/cdevadv — Devil’s Advocate (10th Man Rule)
Challenge the assumptions, architecture, and strategies that every other agent accepts as true.
When to Use
- Monthly health check on accumulated assumptions
- Pre-release, before anything ships to production
- After a milestone when early assumptions become load-bearing at scale
- After a production incident to determine if it reveals a deeper design flaw
- When things feel too smooth: Olympics converging quickly, zero spec revisions, no reviewer pushback
- Not for: finding code-level bugs — that is
/caudit’s job. This skill operates at the assumption/architecture/strategy level.
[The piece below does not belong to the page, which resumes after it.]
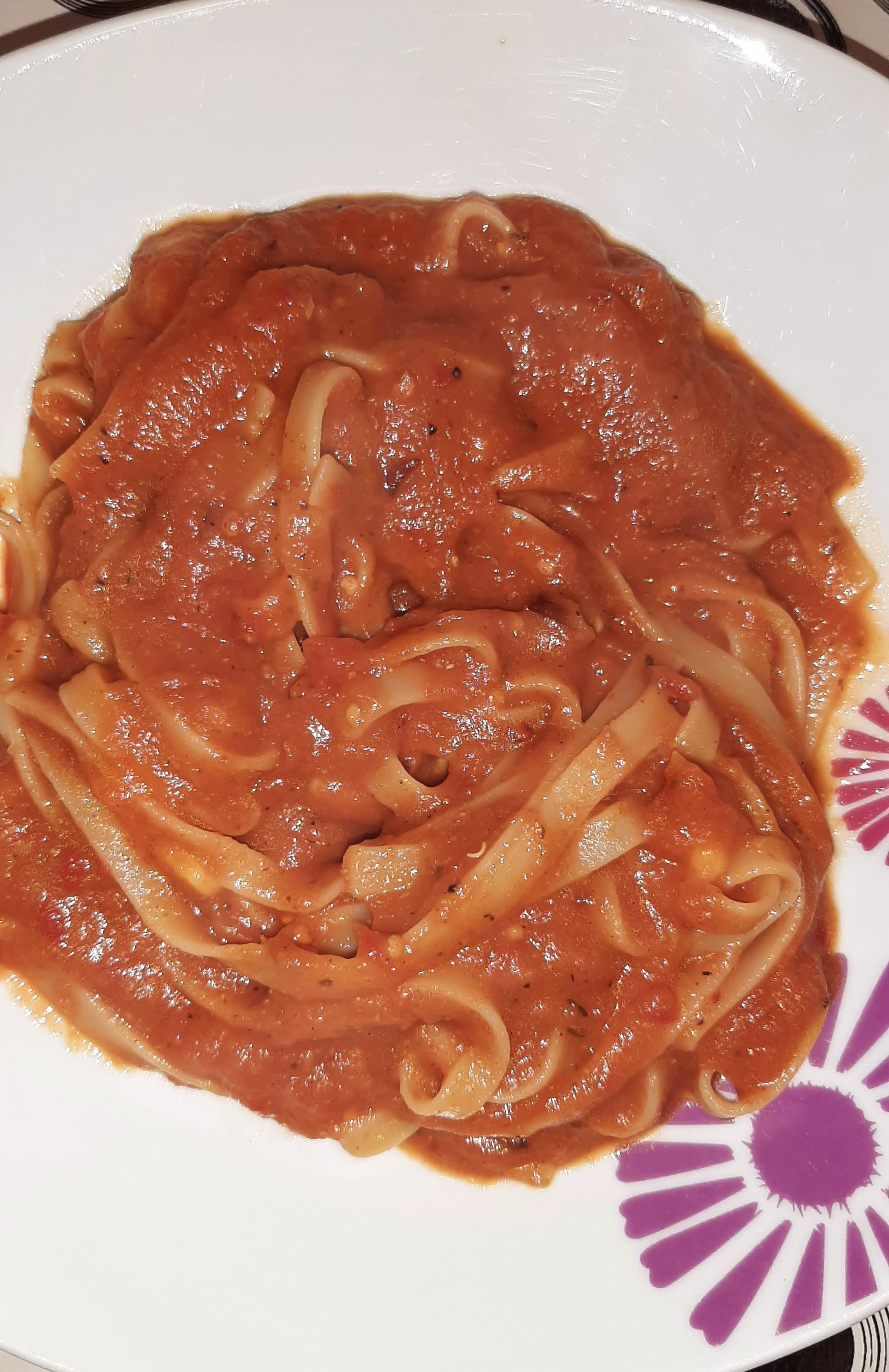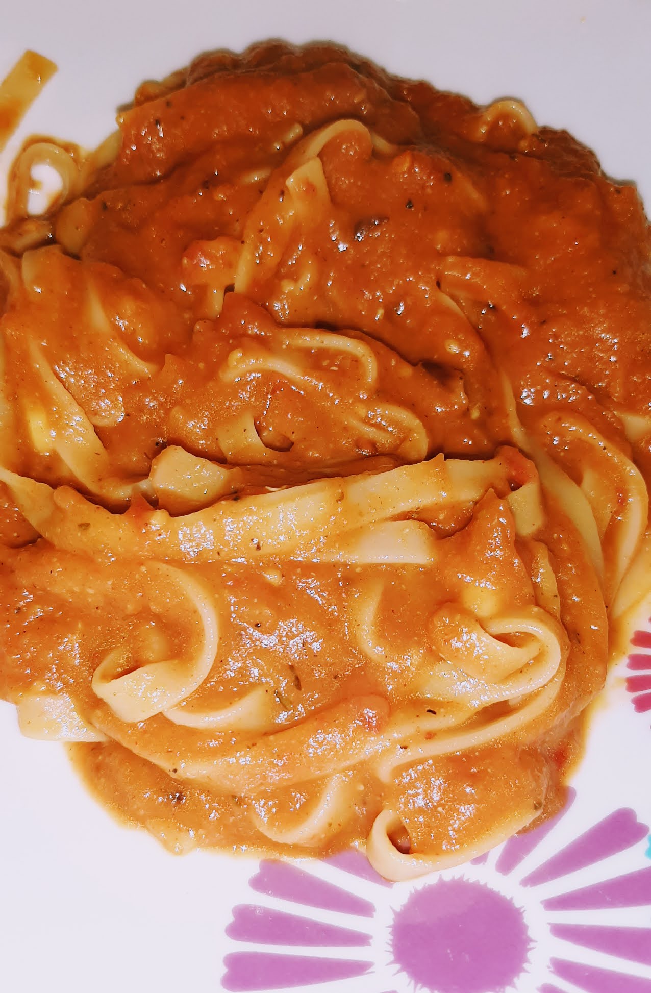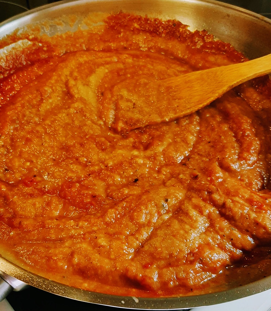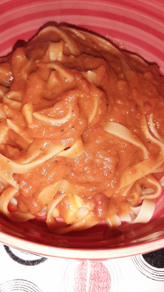 And that’s it. A quick and easy vegan pasta sauce that contains something other than tomatoes. Okay, it also contains tomatoes but that part is totally optional.
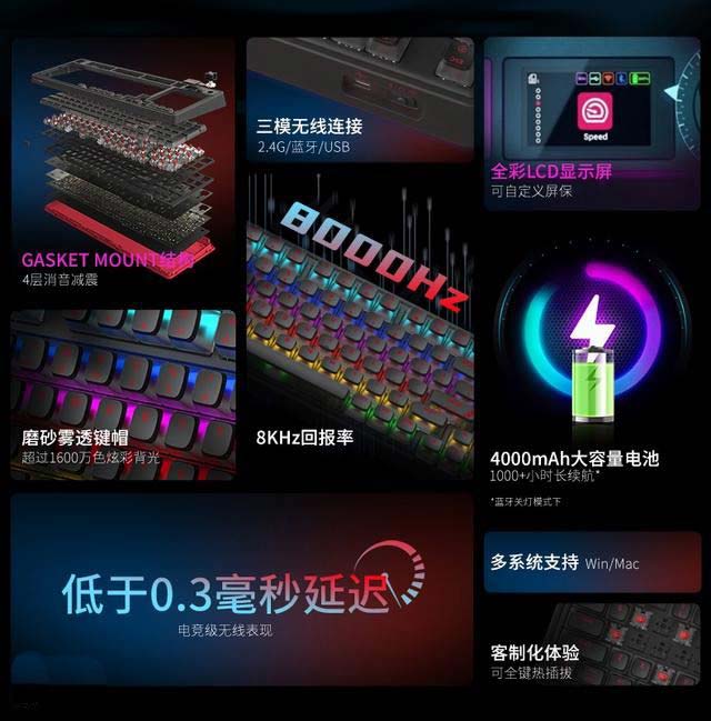 pixiu98 支持 8000hz 有线回报率、4000hz 无线回报率,支持 2.4g / 蓝牙 / usb 三模连接。

How It Fits in the Workflow
Runs periodically, not per-feature. Every other agent in the pipeline (spec author, reviewer, test writer, QA, auditor) operates within the frame of “this project’s design is fundamentally sound.” The devil’s advocate questions whether the frame itself is correct. It checks whether the spec is pointing in the wrong direction, not whether the code matches the spec.
Requires high intensity or above.
What It Does
- Scans project metadata, architecture docs, antipatterns, drift debt, findings history, and dependency manifests
- Identifies unquestioned assumptions that every agent shares (same model, same training data, same blind spots)
- Produces 2-5 deep findings with concrete evidence from the codebase, not speculation
- Categorizes findings by severity: paradigm (core assumption is wrong), architecture (abstraction is inadequate), strategy (testing/security approach has a blind spot)
- Presents findings to the human for disposition: accepted, deferred (tracked in drift debt), or rejected with reasoning
Example
You run /cdevadv layers after a quarter of development.
Pass 1 (Dependencies): The agent reads package.json and finds the caching library has not been updated in 14 months and its README warns it is “designed for single-process use.”
Pass 2 (Architecture): ARCHITECTURE.md documents a caching abstraction (ABS-003) but says nothing about deployment topology. The agent notes that 4 specs reference ABS-003 and all implicitly assume cache coherence.
Pass 3 (Strategy): Antipatterns show 3 cache-related entries in the last 2 months. Olympics findings history shows a cache invalidation bug was found and fixed twice — different symptoms, same root cause.
Pass 4 (Deep Dive): The agent reads the caching module source and confirms: the library uses in-process memory with no invalidation protocol. In a multi-server deployment, each server has its own cache state with no coordination.
Finding DA-012: “The caching strategy assumes single-server deployment. Every spec, review, and test has accepted this because the dev environment is single-server. In production with 3+ servers, cache staleness will cause silent data inconsistency. The recurring cache bugs in Olympics are symptoms of this architectural gap, not isolated issues.”
Recommended action: Replace the in-process cache with a shared cache (Redis) or add an invalidation protocol, and add an ENV-xxx entry to ARCHITECTURE.md documenting the deployment topology assumption.
What It Reads / Writes
| Reads | Writes |
|---|---|
ARCHITECTURE.md | Report (.correctless/artifacts/devadv/report-{date}.md) |
AGENT_CONTEXT.md | Drift debt updates (.correctless/meta/drift-debt.json) |
.correctless/antipatterns.md | Token log (.correctless/artifacts/token-log-{slug}.json) |
.correctless/meta/drift-debt.json | |
.correctless/meta/workflow-effectiveness.json | |
.correctless/artifacts/findings/audit-*-history.md | |
| Dependency manifests (go.mod, package.json, etc.) | |
| Source code (targeted, Pass 4 only) |
Options
Invoke with: /cdevadv [mode] [argument]
| Mode | Usage | What It Does |
|---|---|---|
theme | /cdevadv theme "the auth model is sound" | Challenges one specific area of consensus. You provide a thesis to disprove. |
signals | /cdevadv signals | Spawns an explorer subagent to scan for “where things smell wrong,” then deep-dives the top signals. |
layers | /cdevadv layers | Four passes at increasing abstraction cost: Dependencies, Architecture, Strategy, Deep Dive. Context-efficient. |
Common Issues
- “This is just an Olympics finding.” The devil’s advocate operates at the assumption level. “This function has a race condition” is an Olympics finding. “This project’s approach to concurrency is fundamentally inadequate” is a devil’s advocate finding. The agent is penalized for surface observations disguised as deep insights.
- Evidence required. Every claim must reference actual files, code paths, or patterns. Speculation without proof (“might not scale”) is penalized.
- Findings require disposition. Every finding must be accepted, deferred, or rejected with specific reasoning. Silence is not acceptable — a future devil’s advocate run will check whether deferred items still hold.